Using ParaViS
--------------
.. include:: ../icons.inc

.. sectionauthor:: Wayne Arter

The initial chapters of the official guide explain basic concepts such as
the graphics pipeline and should be at least skim-read before reading these
SMITER-specific hints. This preliminary should help the user acquire the
necessary familiarity with basic ParaView GUI layout, knowledge of when to
use the :guilabel:`Apply` button, and thereby avoid the commonest mistakes
and sources of confusion.

General points worth noting are that

* SMITER in normal use only generates surface information, so many ParaView
  functions which require volume data are not available or needed.

* ParaView starts counting from zero, whereas SMITER is more conventional,
  so that for example, the first track starts from triangle zero.

* Toggling the gear-wheel symbol gives access to a wider and often useful
  range of extra functionality.

The functionality most often needed for SMITER concerns the making and
saving of selections of the data in the vtk files. A specific example is
the visualisation of fieldlines emanating from part of the geometry. The
selection process is activated by toggling the "Select Cells on" icon
immediately above the main "render" window ("Select Cells With Polygon"
offers finer control).
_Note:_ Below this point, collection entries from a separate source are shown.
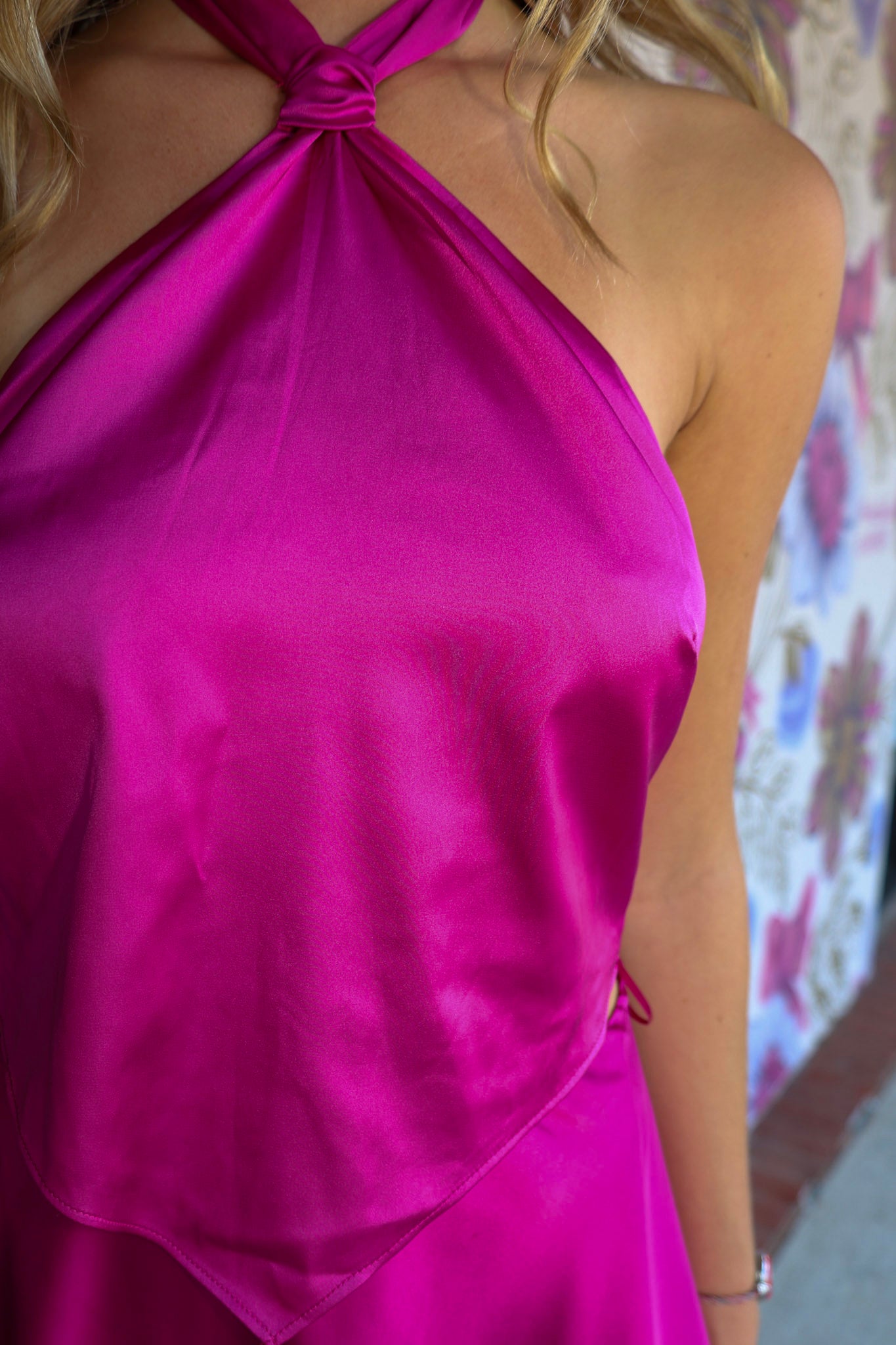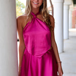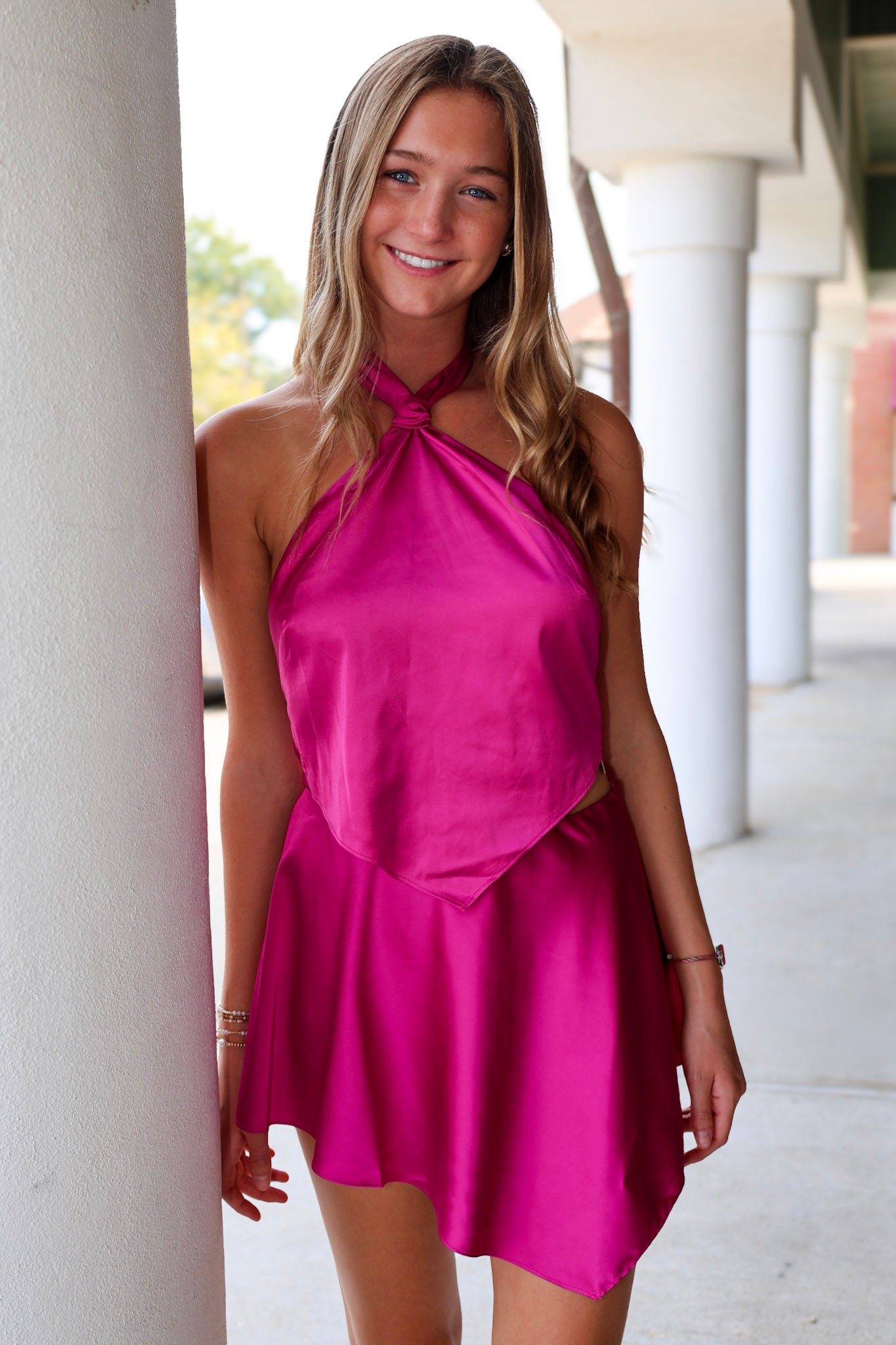 The Marilyn Skirt Set is a fun and flirty outfit featuring a halter top with a cool tie-back and neck detail. Both the top and skirt have an asymmetrical hem that adds a trendy, edgy vibe. Perfect for making a statement at any party or casual hangout!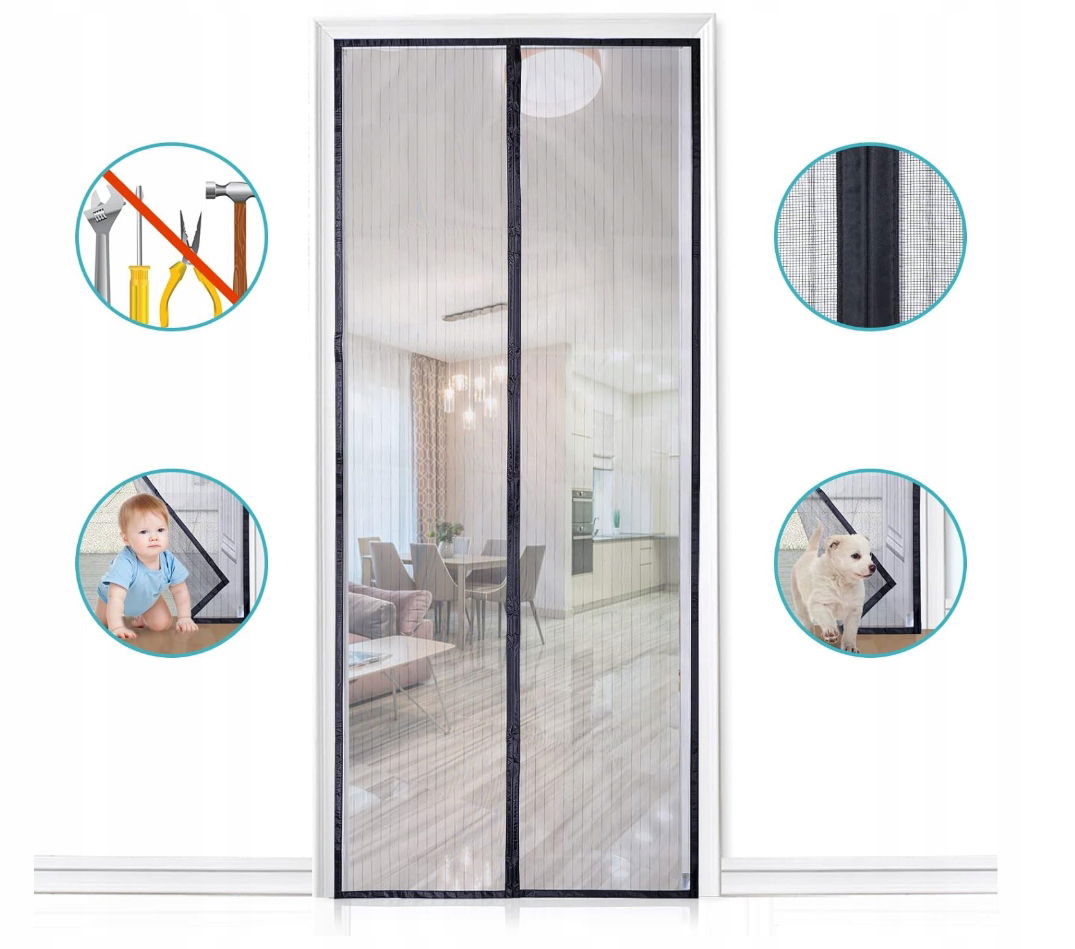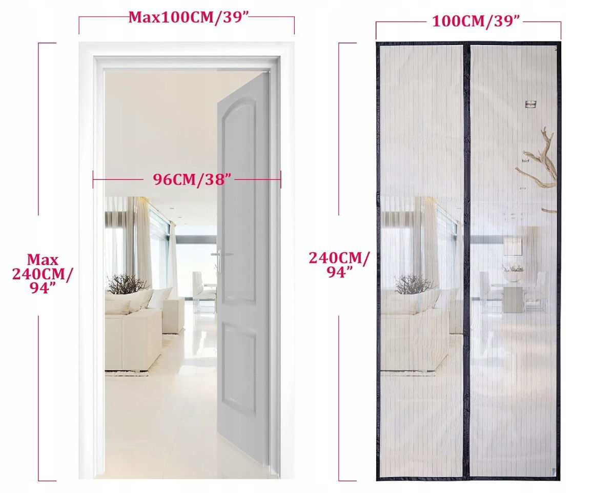 Apalus Drzwi z ekranem magnetycznym, zasłona siatkowa 240 x 100 cm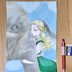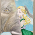 手描きイラスト原画「象と少女」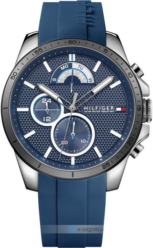 Tommy Hilfiger 1791350 to męski zegarek przeznaczony dla osób szukających zegarka z serii Tommy Hilfiger Decker. Wysokiej trwałości cyferblat zegarka pokryto granatowym kolorem. Pokazana metodą analogową bieżąca godzina jest czytelna i szybka do sprawdzenia. Koperta jest pokryta kolorem srebrnym szeroka jest na 46 mm oraz ma grubość 11 mm - ma okrągły kształt.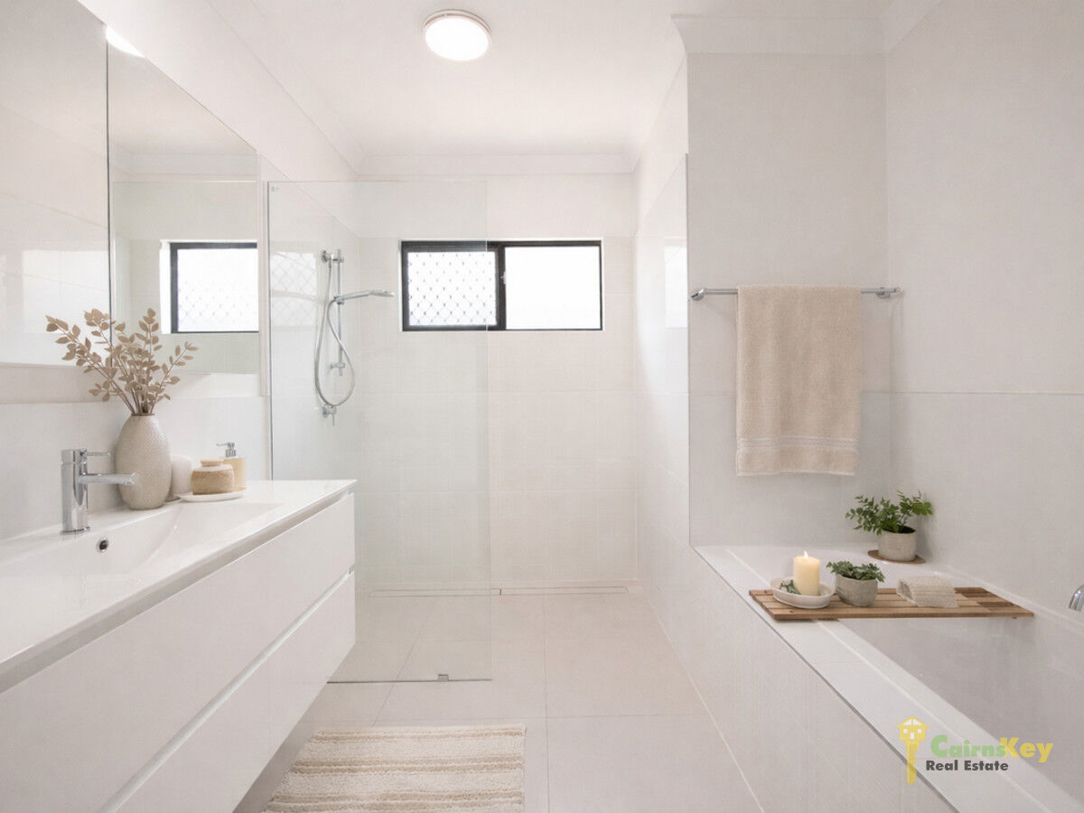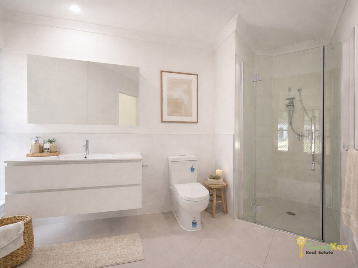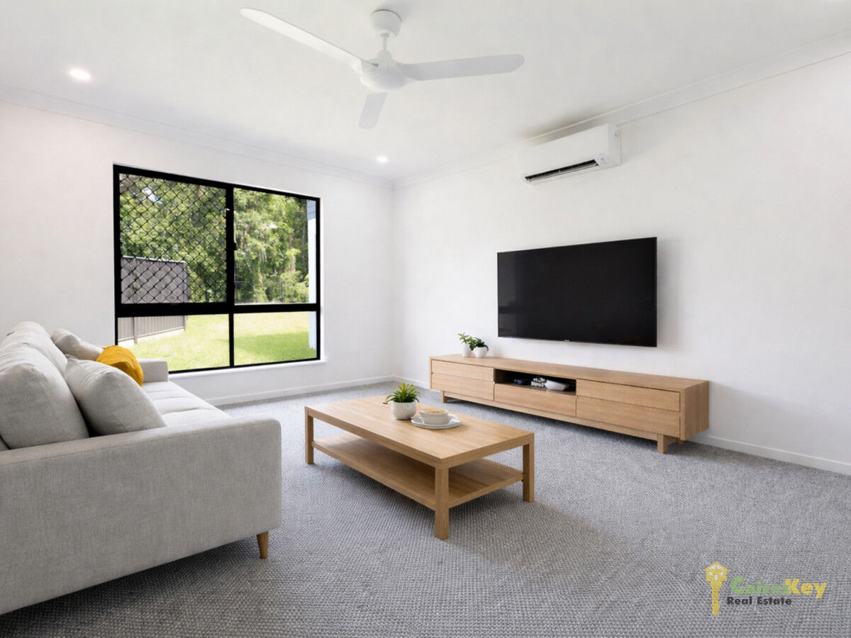 With low maintenance yard you’ll love the landscaping front and rear with auto irrigation. With 10.56kw solar system, exposed aggregate driveway, security screens to all sliding doors and windows, letterbox and even clothesline everything has been done for you to just move in and enjoy the tropical beaches lifestyle! Chat to the team on site during inspection times or contact Cairns Key Real Estate on 4042 6000 to discuss your options.

A selection box is defined by the mouse and the
selected cells (triangles) are highlighted. The selection may be inspected
in more detail, by use of the Selection Display Inspector
:menuselection:`View -->Selection Display Inspector`). If satisfactory, the
"Extract Selection" icon which is on the menu bar just above the Select
Cells icons, should be clicked upon. :menuselection:`File --> Save` data
can then be used to save the selection to a Legacy vtk (.vtk) format file,
using the options to save all timesteps to the Ascii file type. The new vtk
file thereby produced can be used as an input to a new SMITER run with
field-line plotting activated in the .ctl file. datvtk preserves block
information from each .dat file when it is converted to .vtk (unfortunately
it is discarded in subsequent processing). If block numbers are known, or
identified from ParaView visulation, their geometry can be selected by
first using :menuselection:`Edit --> Find data`, where "is one of" is the
most flexible selection option. Having created the selection use the
"Extract Selection" icon as above, clicking on "Copy active selection".

Most other functionality is accessed by the Filters menu. Of the myriad
options, the ones most relevant to SMITER are

* Integrate variables, for total power.

* Calculator, operates on fields such as Bcart and Q, to give B.n etc.

* Point data -> Cell data, and vice versa, since Calculator only operates
  on variables of the same data type.

* Cell centres, when producing spread-sheet .csv output.

* Generate Ids, to help locate elements and points on the surface.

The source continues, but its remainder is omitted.